Он владел французским, свободно итальянским (или кто-то помогал ему, поскольку в его текстах много итальянских фраз), к тому же «Отелло» и «Венецианский купец» повторяют сюжеты итальянских произведений, еще не переведенных на английский. В его словаре очень много медицинских терминов, что говорит о его совсем не обывательском интересе к медицине, а еще к юриспруденции, военным дисциплинам и ботанике (он упоминает 180 растений и употребляет 200 терминов, весьма внушительные показатели), но в других областях его познания не были такими же глубокими. Он очень плохо разбирался в географии, особенно в географии Италии, а ведь там происходит действие очень многих его пьес. Так, в «Укрощении строптивой» в Бергамо у него фигурирует парусник, тогда как это город в Италии, у которого нет выхода к морю. А в «Буре» и в «Двух веронцах» Просперо и Валентин отправляются в плавание соответственно из Милана и Вероны, хотя оба города находятся в двухдневном пути от моря. Может, он знал о том, что Венеция — город каналов, но ни в одной пьесе, в которой происходит там действие, не упоминает о них. Каковы бы ни были его другие достоинства, человеком всего мира он не был.

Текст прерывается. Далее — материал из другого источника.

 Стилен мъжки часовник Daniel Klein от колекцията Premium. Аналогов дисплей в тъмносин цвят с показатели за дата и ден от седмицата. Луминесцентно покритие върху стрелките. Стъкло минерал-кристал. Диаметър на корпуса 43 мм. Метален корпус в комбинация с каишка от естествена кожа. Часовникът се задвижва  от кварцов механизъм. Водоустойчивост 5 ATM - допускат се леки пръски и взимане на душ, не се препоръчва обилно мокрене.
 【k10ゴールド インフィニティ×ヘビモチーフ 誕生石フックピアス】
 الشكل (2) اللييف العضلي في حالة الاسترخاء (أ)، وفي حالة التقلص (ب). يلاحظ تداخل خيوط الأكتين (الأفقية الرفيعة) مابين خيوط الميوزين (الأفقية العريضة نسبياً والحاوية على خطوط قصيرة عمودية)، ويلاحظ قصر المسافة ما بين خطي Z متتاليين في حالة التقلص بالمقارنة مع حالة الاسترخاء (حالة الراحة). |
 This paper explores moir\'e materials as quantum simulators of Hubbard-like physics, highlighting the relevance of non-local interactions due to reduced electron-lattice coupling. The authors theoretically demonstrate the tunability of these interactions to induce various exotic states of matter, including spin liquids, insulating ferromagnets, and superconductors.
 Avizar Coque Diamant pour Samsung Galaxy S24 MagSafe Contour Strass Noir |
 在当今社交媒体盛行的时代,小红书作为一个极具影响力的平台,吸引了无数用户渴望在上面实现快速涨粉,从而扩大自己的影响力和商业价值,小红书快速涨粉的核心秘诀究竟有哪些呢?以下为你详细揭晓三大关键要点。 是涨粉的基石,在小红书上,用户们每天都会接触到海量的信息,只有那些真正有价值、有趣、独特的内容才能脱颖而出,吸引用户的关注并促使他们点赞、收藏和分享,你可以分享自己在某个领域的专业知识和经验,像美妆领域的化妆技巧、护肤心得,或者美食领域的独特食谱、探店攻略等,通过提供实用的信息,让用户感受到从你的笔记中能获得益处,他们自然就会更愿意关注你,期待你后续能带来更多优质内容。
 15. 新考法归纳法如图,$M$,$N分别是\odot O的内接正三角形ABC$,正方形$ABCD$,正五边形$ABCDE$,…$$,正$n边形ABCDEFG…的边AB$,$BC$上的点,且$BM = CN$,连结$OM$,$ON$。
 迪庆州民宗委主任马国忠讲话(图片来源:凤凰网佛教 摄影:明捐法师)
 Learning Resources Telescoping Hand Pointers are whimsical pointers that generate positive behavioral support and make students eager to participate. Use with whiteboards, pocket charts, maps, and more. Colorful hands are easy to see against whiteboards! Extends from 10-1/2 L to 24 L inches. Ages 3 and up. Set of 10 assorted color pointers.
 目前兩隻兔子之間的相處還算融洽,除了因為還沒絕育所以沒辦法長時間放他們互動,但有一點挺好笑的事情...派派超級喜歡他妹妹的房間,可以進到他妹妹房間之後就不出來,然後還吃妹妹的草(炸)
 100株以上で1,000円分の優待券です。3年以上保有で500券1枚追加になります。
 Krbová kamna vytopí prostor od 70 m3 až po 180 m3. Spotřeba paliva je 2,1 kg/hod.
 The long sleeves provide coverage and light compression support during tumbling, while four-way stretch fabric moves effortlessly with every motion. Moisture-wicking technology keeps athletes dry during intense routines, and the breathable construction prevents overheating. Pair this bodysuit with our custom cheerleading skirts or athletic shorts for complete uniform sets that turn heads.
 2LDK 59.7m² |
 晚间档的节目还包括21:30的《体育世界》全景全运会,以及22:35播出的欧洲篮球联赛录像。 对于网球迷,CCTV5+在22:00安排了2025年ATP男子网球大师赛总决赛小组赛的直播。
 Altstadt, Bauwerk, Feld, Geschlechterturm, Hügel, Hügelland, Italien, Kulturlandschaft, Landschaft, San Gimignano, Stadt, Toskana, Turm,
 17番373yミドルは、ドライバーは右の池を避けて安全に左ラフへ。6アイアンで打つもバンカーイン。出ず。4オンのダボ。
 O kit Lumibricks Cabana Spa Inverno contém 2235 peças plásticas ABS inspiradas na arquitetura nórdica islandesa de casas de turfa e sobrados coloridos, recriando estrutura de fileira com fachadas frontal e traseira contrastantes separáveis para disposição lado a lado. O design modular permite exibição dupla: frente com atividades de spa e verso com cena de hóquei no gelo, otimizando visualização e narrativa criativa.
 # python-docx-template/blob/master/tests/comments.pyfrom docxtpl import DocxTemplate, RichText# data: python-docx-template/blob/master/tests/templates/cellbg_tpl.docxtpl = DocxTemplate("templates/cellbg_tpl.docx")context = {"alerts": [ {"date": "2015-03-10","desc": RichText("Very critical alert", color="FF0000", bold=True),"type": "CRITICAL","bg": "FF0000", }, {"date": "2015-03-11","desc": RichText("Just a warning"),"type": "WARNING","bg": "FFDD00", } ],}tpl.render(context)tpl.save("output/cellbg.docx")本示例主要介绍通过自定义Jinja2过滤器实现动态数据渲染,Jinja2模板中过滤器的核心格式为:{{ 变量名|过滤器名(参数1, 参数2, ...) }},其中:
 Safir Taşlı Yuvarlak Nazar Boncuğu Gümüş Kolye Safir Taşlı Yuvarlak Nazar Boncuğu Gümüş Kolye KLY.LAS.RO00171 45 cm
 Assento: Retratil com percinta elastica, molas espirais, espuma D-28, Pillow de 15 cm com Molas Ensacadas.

В его произведениях очень много хронологических ошибок. Так, древние египтяне играют у него в бильярд, а в Риме Цезаря фигурируют механические часы за 1400 лет до их изобретения. Намеренно или от невежества, он обращался с фактами совершенно своевольно, чтобы достичь своей цели. В первой части «Генриха VI», к примеру, он убивает лорда Толбота на двадцать два года раньше, чтобы он умер до Жанны д'Арк. В «Кориолане» Ларций обращается к Катону, хотя Катон родился лишь триста лет спустя.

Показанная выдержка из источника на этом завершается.